Digest length creep: High-volume feeds (e.g., Reddit, Hacker News) can produce 50+ items per day. Without a max_items cap, your digest becomes unreadable. Start conservative (5 items per feed) and adjust based on actual reading behavior.

Recommended guardrails:

  • Preview the first digest manually before enabling automated delivery.
  • Set a hard cap on total digest length (e.g., 15 items maximum).
  • Log feed fetch errors separately from digest delivery so you can spot dead feeds quickly.

Troubleshooting

Feed items appear with no title or date
The feed uses a non-standard namespace or Atom format. Check the raw XML at the feed URL. If <title> is missing, the feed may use <dc:title> — your parser needs to handle Dublin Core extensions.

Duplicate items appearing in the digest
Deduplication is matching on item GUID, but some feeds don’t include GUIDs — they use the item URL as the unique key. Configure your dedup strategy to fall back to URL matching when GUID is absent.

Digest not sending on schedule
Check your scheduler timezone configuration. A cron job set to 16:00 without an explicit timezone will use the server’s local time, which may differ from your intended timezone by hours.

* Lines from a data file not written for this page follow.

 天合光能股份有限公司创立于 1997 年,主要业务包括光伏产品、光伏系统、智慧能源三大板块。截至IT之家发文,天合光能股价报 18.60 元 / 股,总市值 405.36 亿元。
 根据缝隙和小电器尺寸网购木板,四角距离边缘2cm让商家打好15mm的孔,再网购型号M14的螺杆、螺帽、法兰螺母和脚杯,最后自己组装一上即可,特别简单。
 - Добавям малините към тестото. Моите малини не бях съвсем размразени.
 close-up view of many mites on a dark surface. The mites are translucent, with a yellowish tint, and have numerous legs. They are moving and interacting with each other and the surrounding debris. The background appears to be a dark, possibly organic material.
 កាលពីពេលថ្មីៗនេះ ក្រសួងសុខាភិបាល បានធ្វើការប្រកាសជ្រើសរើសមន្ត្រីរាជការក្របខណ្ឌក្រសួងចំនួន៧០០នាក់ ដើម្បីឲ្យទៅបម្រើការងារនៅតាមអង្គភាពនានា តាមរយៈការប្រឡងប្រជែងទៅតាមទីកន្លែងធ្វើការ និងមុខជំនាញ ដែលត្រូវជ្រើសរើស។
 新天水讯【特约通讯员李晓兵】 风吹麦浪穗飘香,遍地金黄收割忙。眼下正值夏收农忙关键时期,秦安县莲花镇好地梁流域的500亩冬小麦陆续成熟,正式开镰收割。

Feed returns HTML instead of XML
The site may have moved its feed behind a login, changed the feed URL, or discontinued it. Visit the site directly and look for a new feed link in the <head> element (<link rel="alternate" type="application/rss+xml">).

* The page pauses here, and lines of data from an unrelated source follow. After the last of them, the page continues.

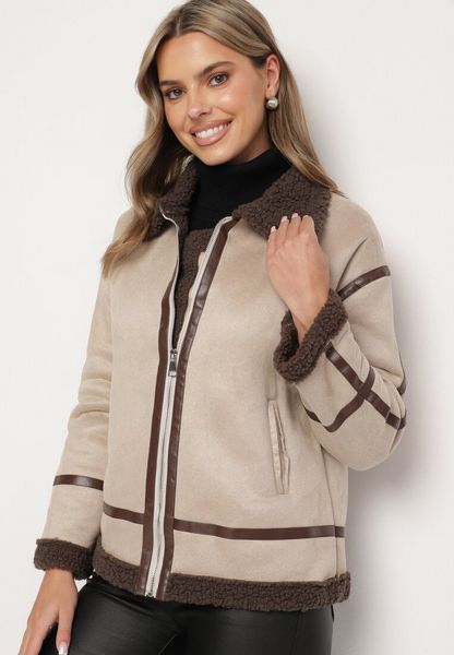 Beżowa Kurtka z Imitacji Zamszu z Kołnierzykiem i Futerkiem Belninnia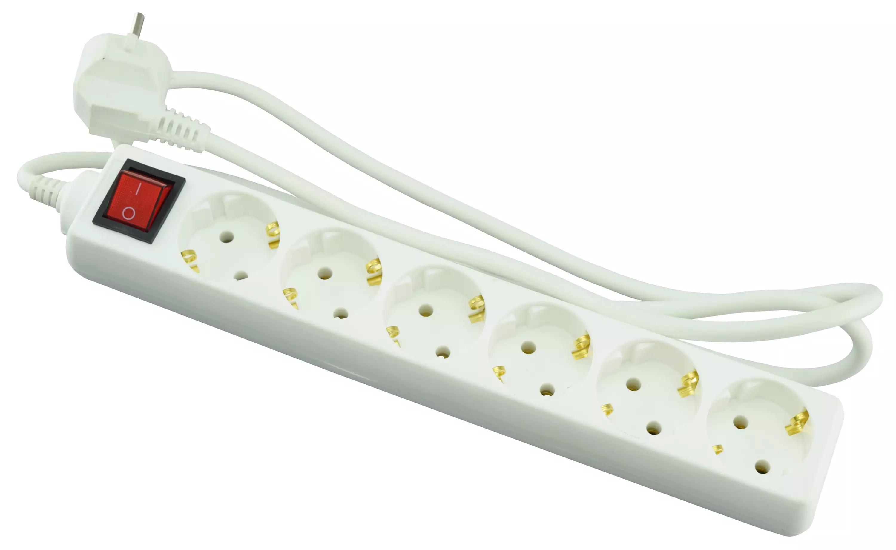 Kytkimellä ja lapsiturvalla varustettu jatkojohto sisäkäyttöön. 6-os. maadoitettu 1,5 m kytkin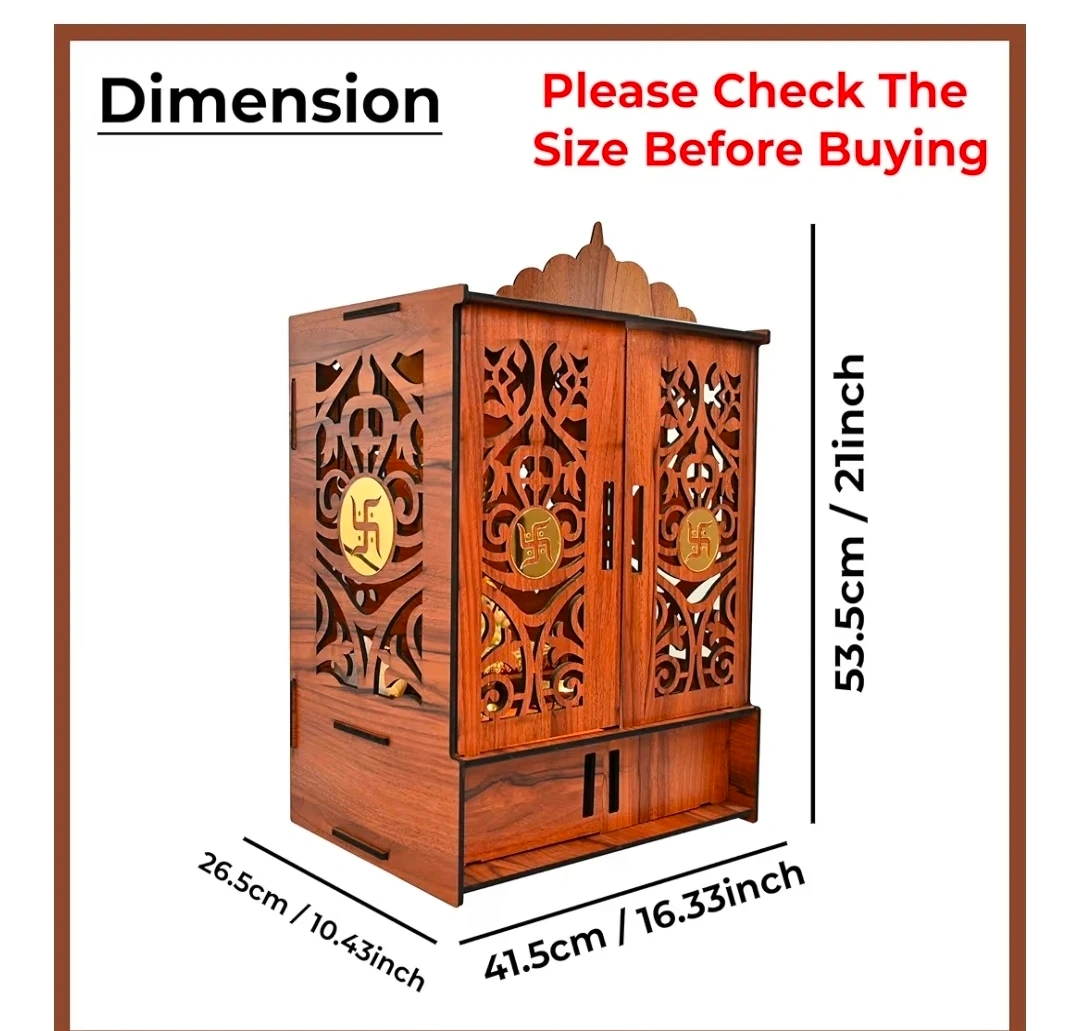 Selling a wooden Pooja Mandir, perfect for your home! It features intricate carvings and includes drawers for storage. The dimensions are approximately 53.5cm (21 inches) in height, 41.5cm (16.33 inches) in width, and 26.5cm (10.43 inches) in depth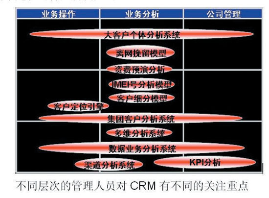 CRM系統(tǒng)自身的特點決定其不產(chǎn)生原始數(shù)據(jù),只是對其他相關(guān)系統(tǒng)所傳遞過來的數(shù)據(jù)進行數(shù)據(jù)抽取到展現(xiàn),所以CRM系統(tǒng)允許一定的數(shù)據(jù)誤差和延遲。但是在實際的建設(shè)和應(yīng)用過程中,廠家和運營商都發(fā)現(xiàn)數(shù)據(jù)的準(zhǔn)確性和及時性是CRM系統(tǒng)應(yīng)用的最大瓶徑。同時早期參照國際標(biāo)準(zhǔn)建立的CRM系統(tǒng)根本不符合國內(nèi)應(yīng)用的要求,于是才逐漸發(fā)展出現(xiàn)了A-CRM(操作型CRM)和O-CRM(運營型CRM)之分,用以滿足不同層次人員對CRM系統(tǒng)的應(yīng)用要求。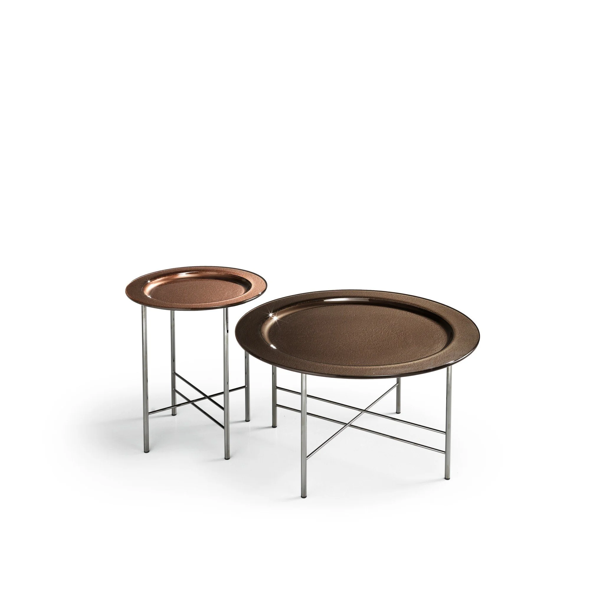 Round coffee table with top in 10 mm fused glass, back-lacquered with metallic paints. Metal base, Black Glossy Nickel finish.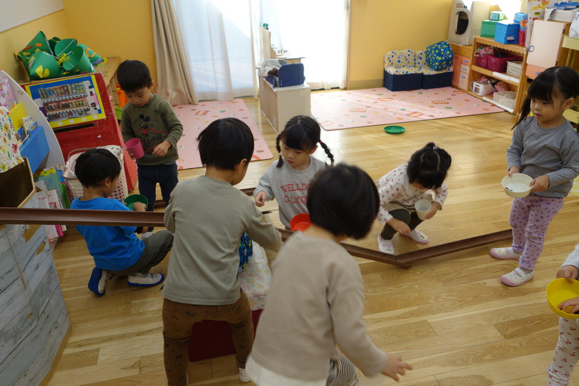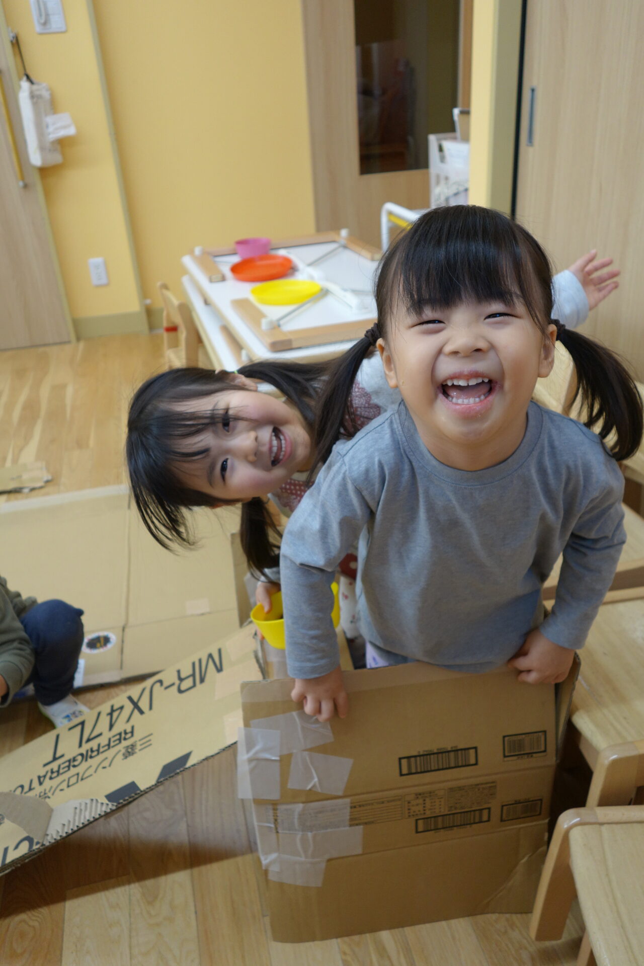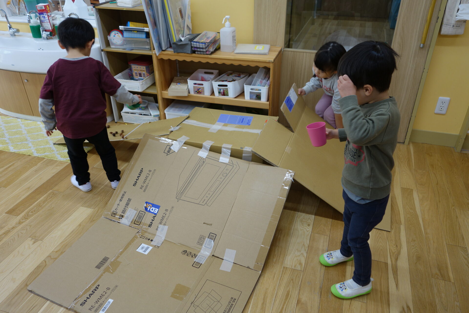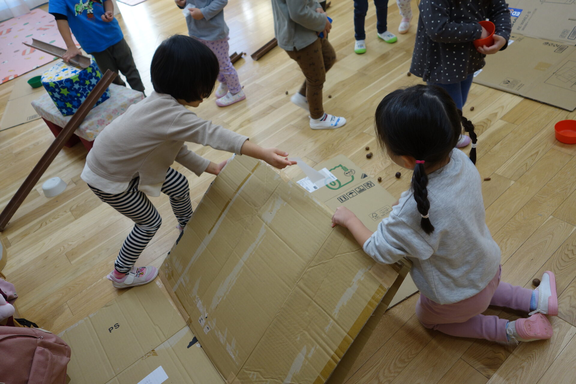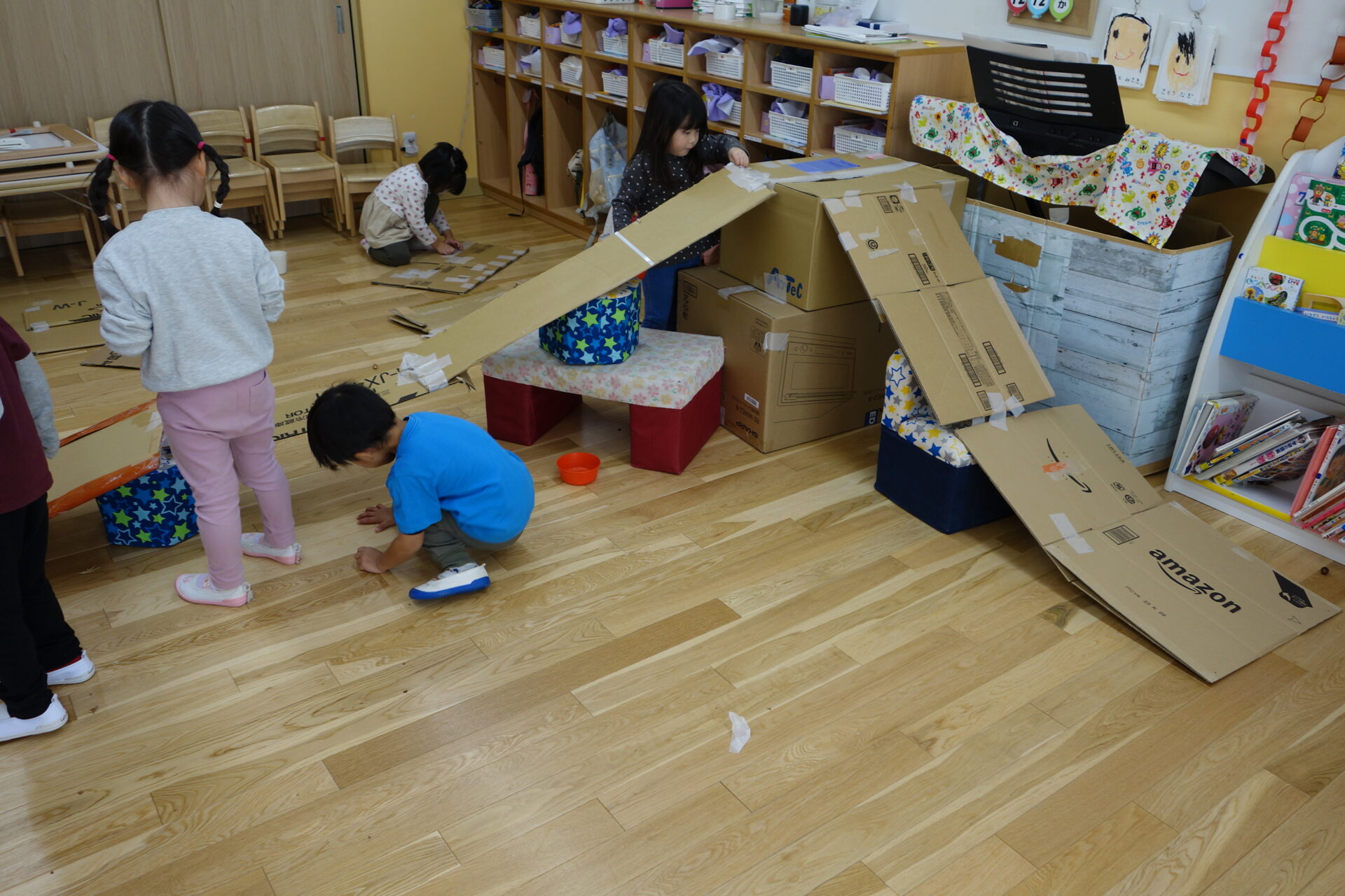 お友だちと協力しながら、テープを貼って滑り台を作っていきます。

Items from weeks ago appearing in today’s digest
The feed’s <pubDate> or <updated> field is unreliable. Some feeds republish old items when they’re edited. Add a max_age_days: 7 filter to exclude items older than your digest window regardless of what the feed reports.


Alternatives

Feedly — A full-featured RSS reader with team sharing, keyword alerts, and AI-powered prioritization. Better for interactive reading; less flexible for custom digest formatting or programmatic output. Free tier limits the number of sources.

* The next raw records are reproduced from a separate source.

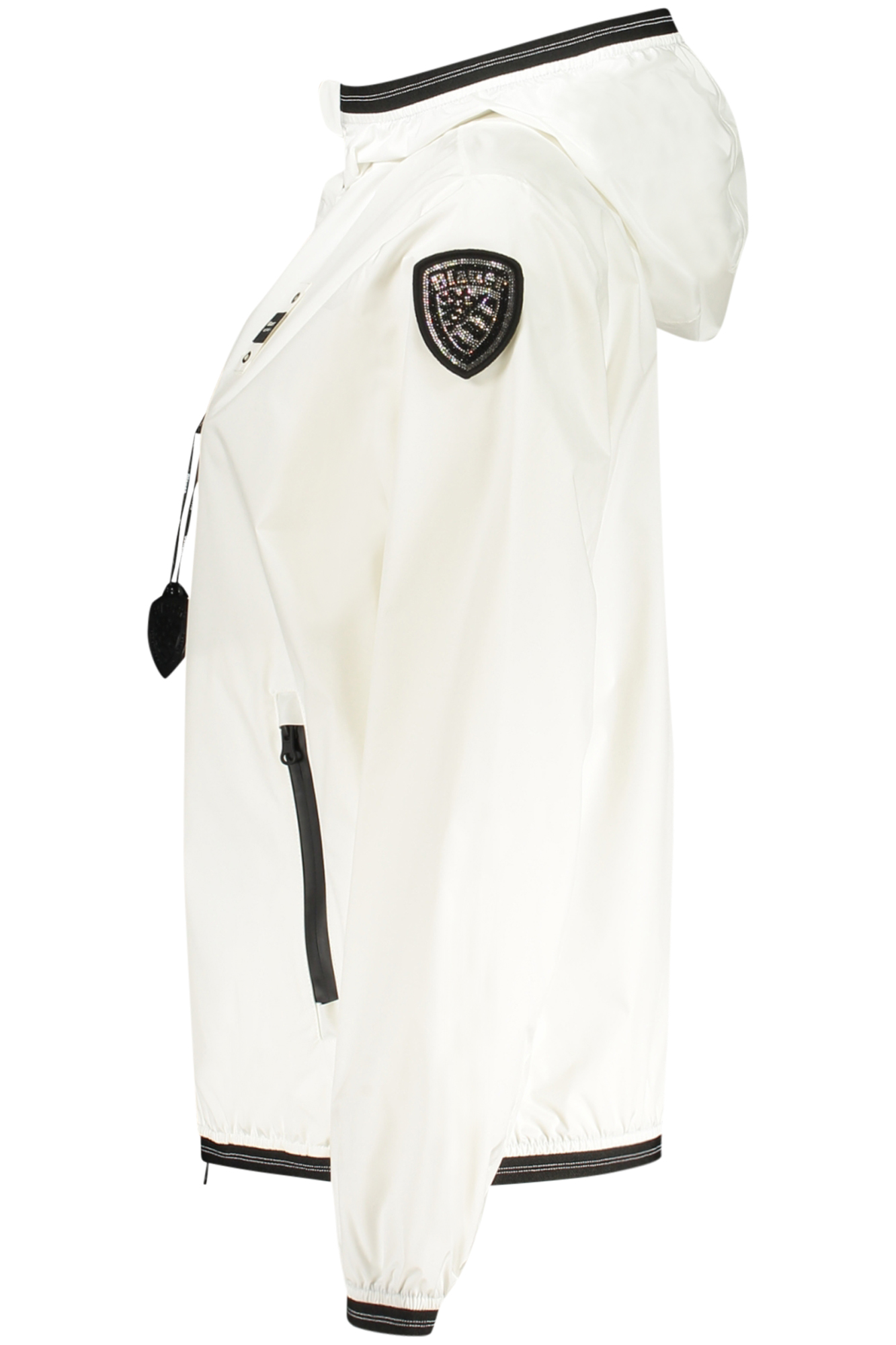 GIUBBOTTO MANICHE LUNGHE IMPERMEABILE CON CAPPUCCIO, SLIM FIT, 2 TASCHE ESTERNE, 2 TASCHE INTERNE, ZIP, APLLICAZIONE CON STRASS REMOVIBILE, LOGO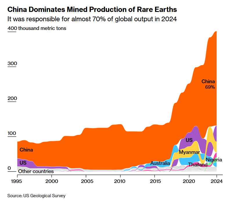 Meanwhile, China has suspended its ban on approving exports of “dual-use items” tied to 3 rare earths (gallium, germanium, antimony), and super-hard materials to the US, the Commerce Ministry said Sunday.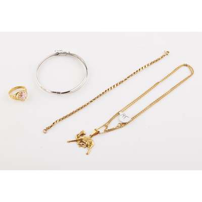 of plain design, stamped Italy 375; together with a yellow metal s-link bracelet; a yellow metal and pink paste set ring; a yellow metal camel pendant and chain (4)

Inoreader — Similar to Feedly but with stronger filtering rules and automation features. Supports RSS-to-email natively. Good for power users who want a managed service rather than a self-hosted skill.

Mailbrew — A digest-focused service that combines RSS, Twitter, Reddit, and other sources into a single daily email. Easiest setup for non-technical users; limited customization compared to a skill-based approach.

If you need to monitor a specific page that doesn’t publish an RSS feed, website monitor is the right tool.